The answer is $1/4$. For any probability distribution on $[0,1]$ the point $p=(EX,EX^2)$ will be a point in the convex hull of the set $S = \{(x,x^2):x\in[0,1]\}$. (This is a segment of a parabola.) The variance is the height of $p$ above the set $S$. This is clearly maximized when $p$ lies on the straight line connecting $(0,0)$ to $(1,1)$. By calculus, this is attained at $p=(1/2,1/2)$, which is $1/4$ above the point $(1/2,1/4)\in S$.
That $p$ is in the convex hull of $S$ is a consequence of Caratheodory's theorem: each element $p$ of the convex hull of $S$ is a weighted combination of at most 3 elements of $S$: Let that combination be $p=\sum_{i=1}^3 w_i\cdot(x_i,x_i^2)$, where the $w_i\ge0$ add up to $1$. Now look at the prob distribution for which $PX=x_i)=w_i$.

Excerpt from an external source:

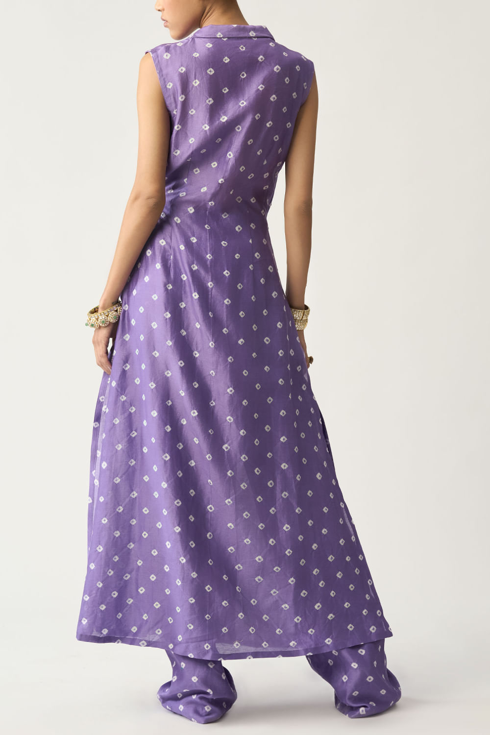 Itrh designs this style-ready bandhani jacket kurta in chanderi silk featuring tie-ups with handmade animal puppets, teaming it with matching pants. Style the look with a pearl necklace set for a charming look.

Its first 2 moments are the components of $p$.
In the special case at hand Caratheodory's theorem is trivial.
Every point in the convex hull of $S$ is on a chord of $S$.
If $p$ is already in $S$, it is of the form $p=(x,x^2)$, and the prob law $P(X=x)=1$ does the trick. Otherwise, the line passing through $(0,0)$
and $p$ cuts $S$ at $q$; the chord in question can be between $(0,0)$ and $q$, and $a$ can be chosen so $P(X=(0,0))=a, P(X=q)=1-a$ does the trick.
More generally, as a comment suggests, this is a fundamental property of a expectation operator. An expectation $ET(X)$ of a vector valued function is a particular weighted average of the possible values of the function $T(x)$. A probability law, one can think, amounts to a choice of weights. In problems like this one, the set of possible values of $ET(X)$ you get as you vary the probability law of $X$ is the convex hull of the set of values of the function $T(x)$.